Member of Maharashtra Legislative Assembly
- In office 2019–2024
- Preceded by: Sudhir Laxmanrao Parwe
- Succeeded by: Sanjay Meshram
- Constituency: Umred

Personal details
- Born: *Bhiwapur SubDivision , Umred, Nagpur,Maharashtra
- Party: Bharatiya Janata Party (BJP) (2024-Present);
- Other political affiliations: Shiv Sena (SHS) (2024); Indian National Congress (INC) (2015-2024); Independent (2014);
- Profession: Politician;

= Raju Devnath Parwe =

Indian politician

Raju Devnath Parwe is a leader of Bharatiya Janata Party (BJP) and a former member of the Maharashtra Legislative Assembly elected from Umred Assembly constituency in Nagpur city.

==Positions held==
2019: Elected to Maharashtra Legislative Assembly with 91,968 votes.

===Political career===
In 2015 Raju Parwe joined the Indian National Congress (INC).
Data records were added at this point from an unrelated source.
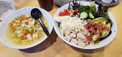 Things I like: Good options of healthy food Usually quick service Delicious red pepper lobster bisque Things I dont like: -Ordered the lobster bisque and I kid you not I had ONE chunk of lobster. Dont let the million chunks of tomato and whatever other veggies fool you haha. Not good for the price and considering the name is "lobster bisque" -When you order a large salad because the regular salad is small and youre more hungry that day you find out that "large" pretty much just means an extra scoop of toppings and no extra lettuce and also I didnt even get the extra scoop of toppings so pretty much just paid way more for the same salad. -If youre pescatarian like me and you want a salad without chicken or beef you HAVE to have a salad with berries cuz apparently thats all vegetarians like on their salads. Haha okay there is a choice to build your own salad but it would be nice to have an option of like a "garden chop salad" to easily pick from on the menu without chicken instead of their current choice of berry salad, nuts and berry salad, mango berry salad, beets and berries salad BERRIES BERRIES BERRIES. Like come on just because I dont want meat doesnt mean I just like berries!!
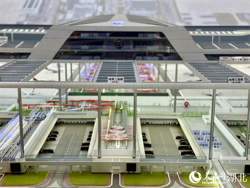 Photo shows a sand table of the cargo transfer center of the Ezhou Huahu International Airport in Ezhou city, central China's Hubei Province. (People's Daily Online/Zhou Tian)
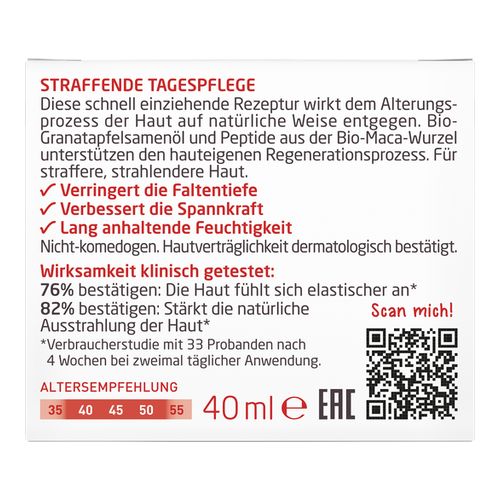 Bio-Granatapfelsamenöl und Peptide aus Bio-Maca-Wurzel unterstützen den hauteigenen Regenerationsprozess. Spendet lang anhaltend Feuchtigkeit. Verbessert die Spannkraft.
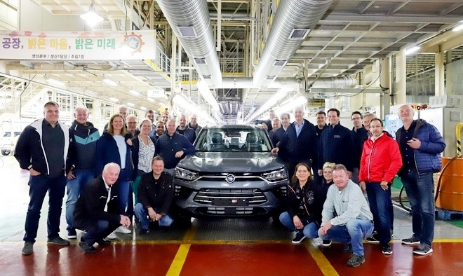 이미지 확대보기쌍용차 평택공장을 방문한 유럽 대리점 관계자들이 코란도와 기념사진을 찍고 있다. 사진=쌍용차
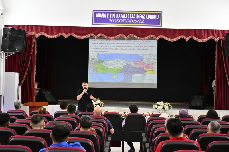 Adana E tipi Kapalı Ceza İnfaz Kurumunda, 23 Nisan Ulusal Egemenlik ve Çocuk Bayramı Günü kapsamında bir program düzenlendi. Saat 14.00’da başlayan etkinliğe Kaşgarlı Mahmut Ortaokulunda görevli Okul Müdürü Gökhan GÖKERK, kurum çalışanları ve hükümlüler katıldı.
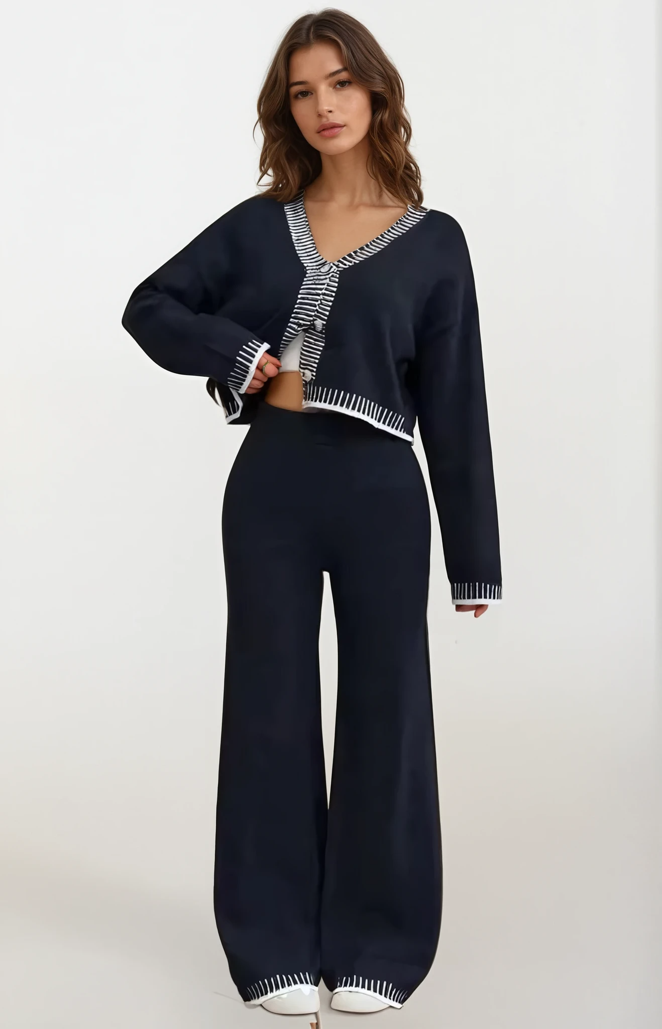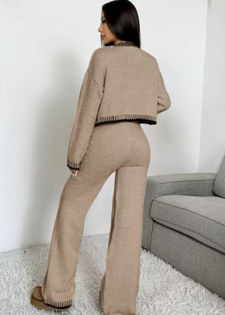 En snygg tvådelad outfit designad för avslappnad elegans under höst och vinter. Med en mjuk V-ringad kofta med knappar i kombination med avslappnade byxor med vida ben, blandar detta set komfort, struktur och modern minimalism i en elegant look.
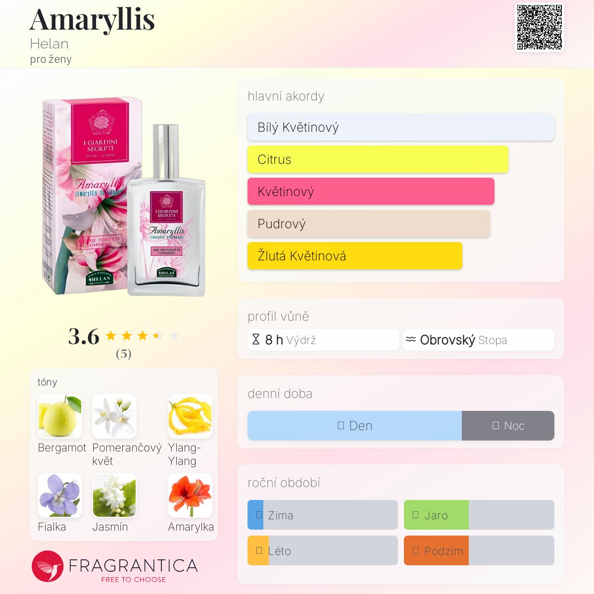 Amaryllis podle Helan je Floral vůně pro ženy. Vrchní tóny jsou Kalábrijský bergamot a Pomerančový květ; střední tóny jsouYlang-Ylang, Francouzská fialka, Egyptský jasmín a Amarylka ; základní tóny jsou Bílé pižmo a Siamský (thajský) benzoin.
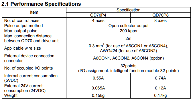 MITSUBISHI QD70P8 Product information and technical parameters:
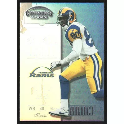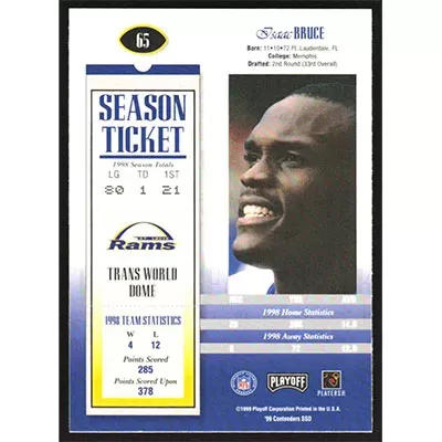 This is a 1999 Playoff Contenders SSD Isaac Bruce football card. The card is #65 and pictures show condition.
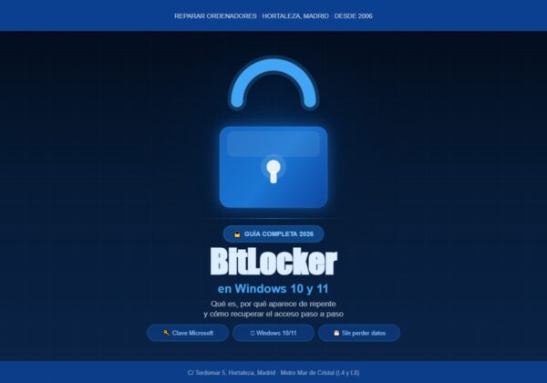 ¿Pantalla azul de BitLocker pidiendo una clave de 48 dígitos? Guía completa 2026: qué es BitLocker, por qué aparece solo en Windows 10 y 11, y cómo recuperar el acceso paso a paso sin perder datos. Con tabla comparativa, FAQ completo y solución por tipo de caso.
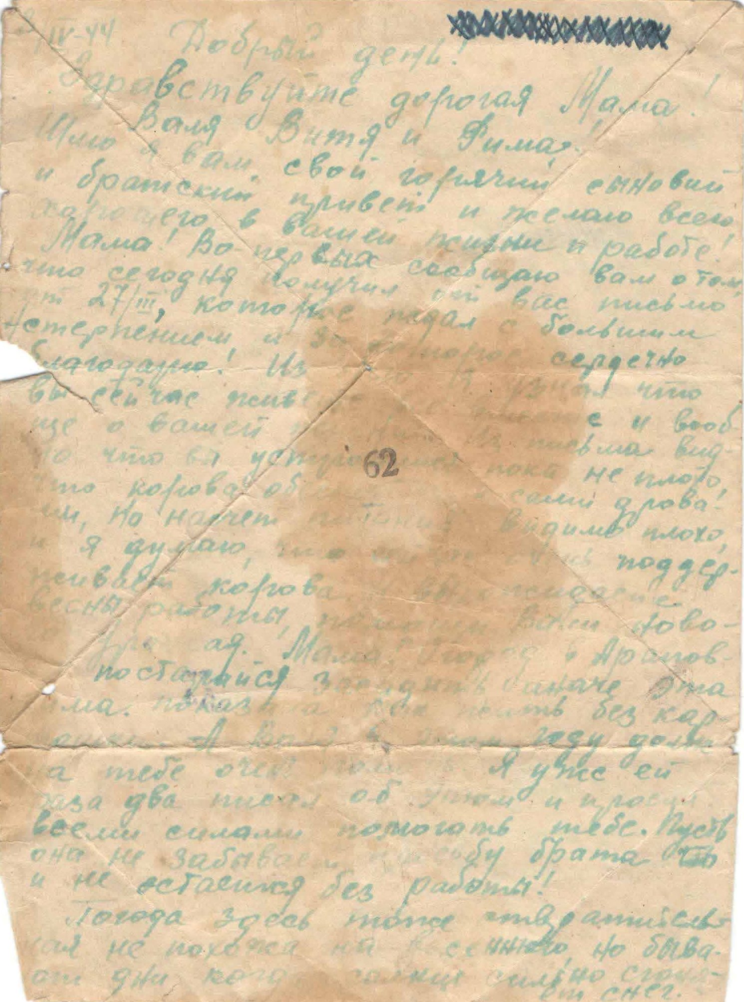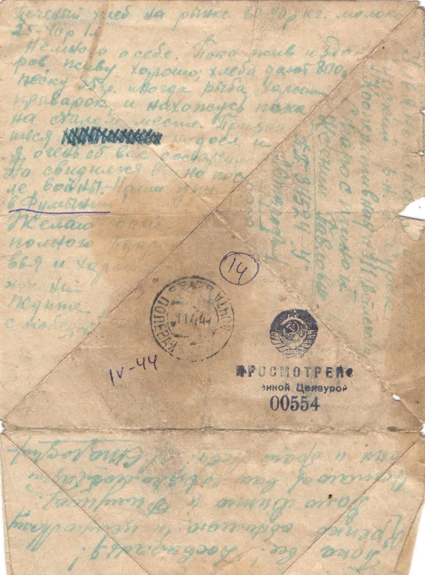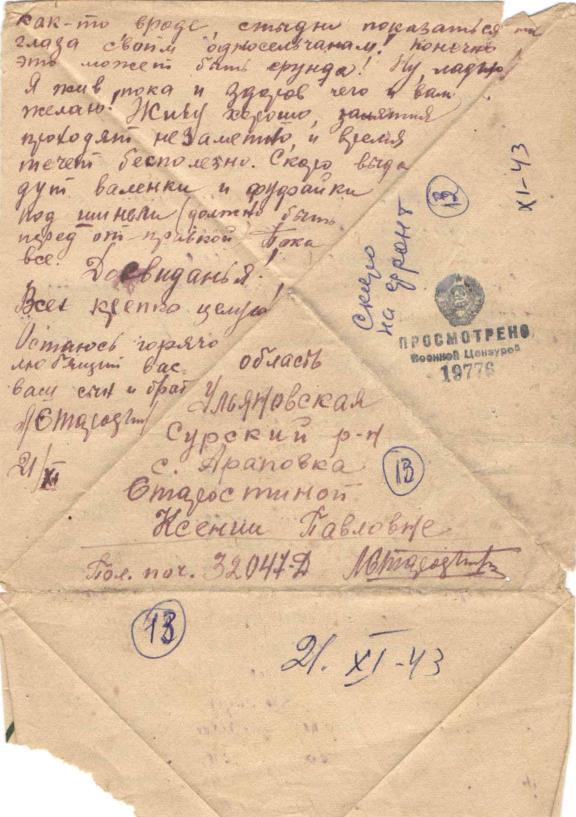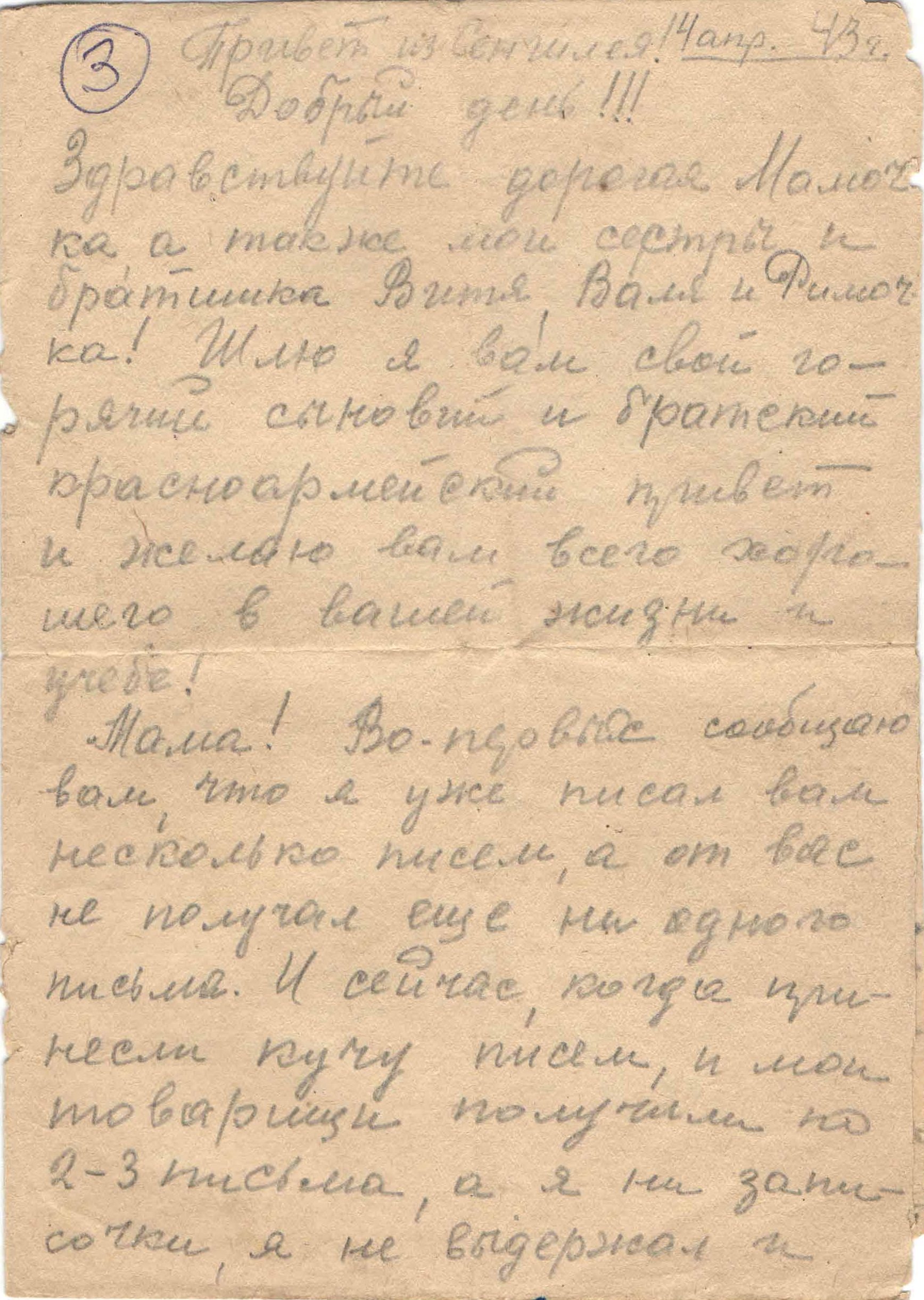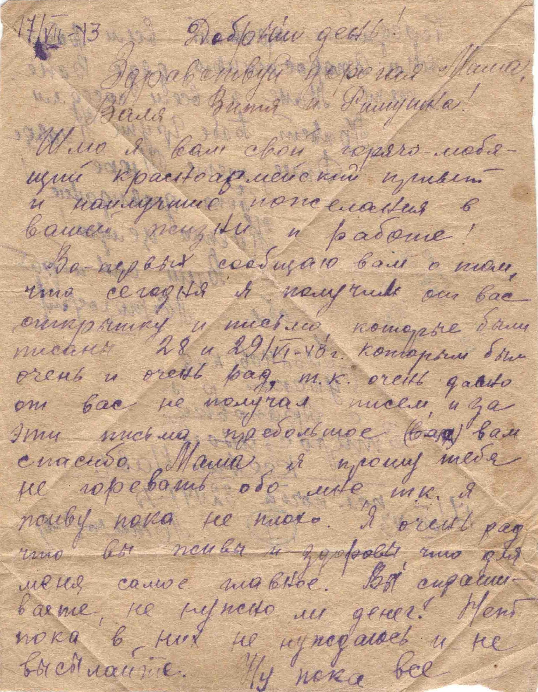17.07.1943 г. Получил письмо из дома. Благодарен, скучает.
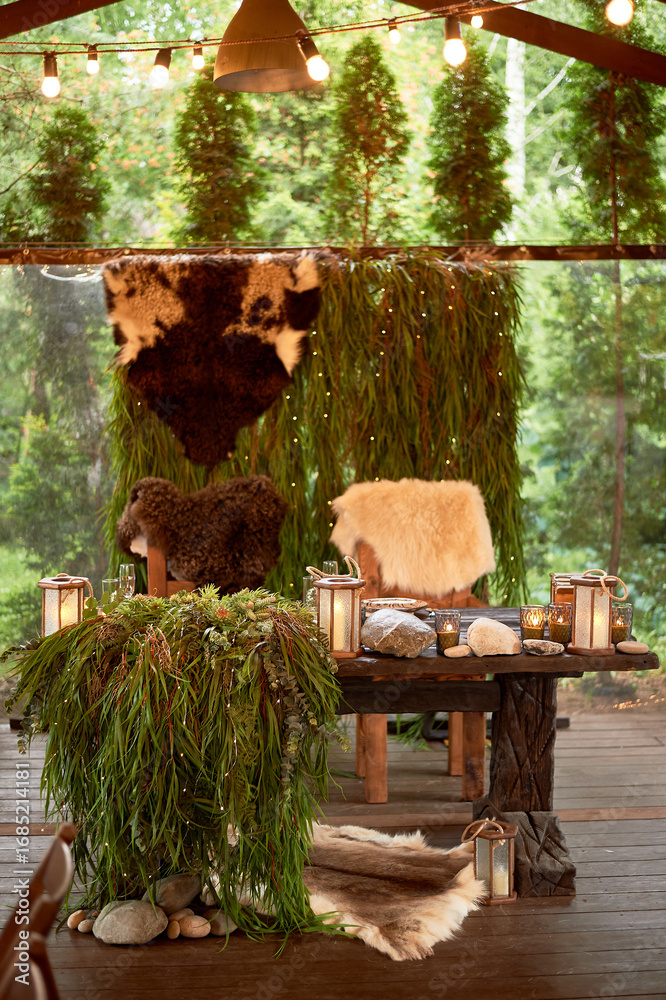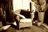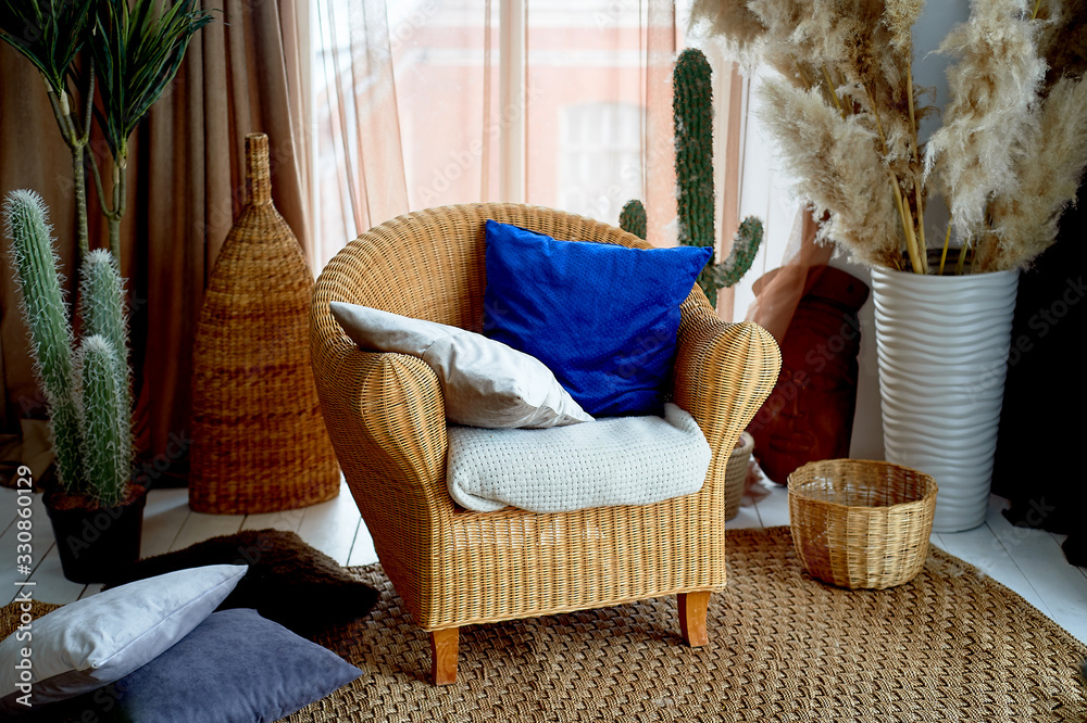 A chair and a rug made of rattan. Natural material. Pampas grass in a vase. Eco design.

Before that, in 2014 he unsuccessfully fought from Umred Vidhan Sabha Seat as an independent candidate and lost by a margin of 68,002 votes. In 2019, the Congress Party offered him a ticket from Umred Vidhan Sabha Seat and he won by a margin of 18,029 votes. On 24 March 2024, Raju Parwe left the Congress Party as he was denied ticket from Ramtek Lok Sabha Seat. He Joined Eknath Shinde Led Shiv Sena (SHS) and got the ticket.

On 4 June 2024, Raju Parwe Lost To Indian National Congress Candidate, Shyamkumar (Bablu) Barve from Ramtek Lok Sabha Seat By A Margin Of 76,768 Votes.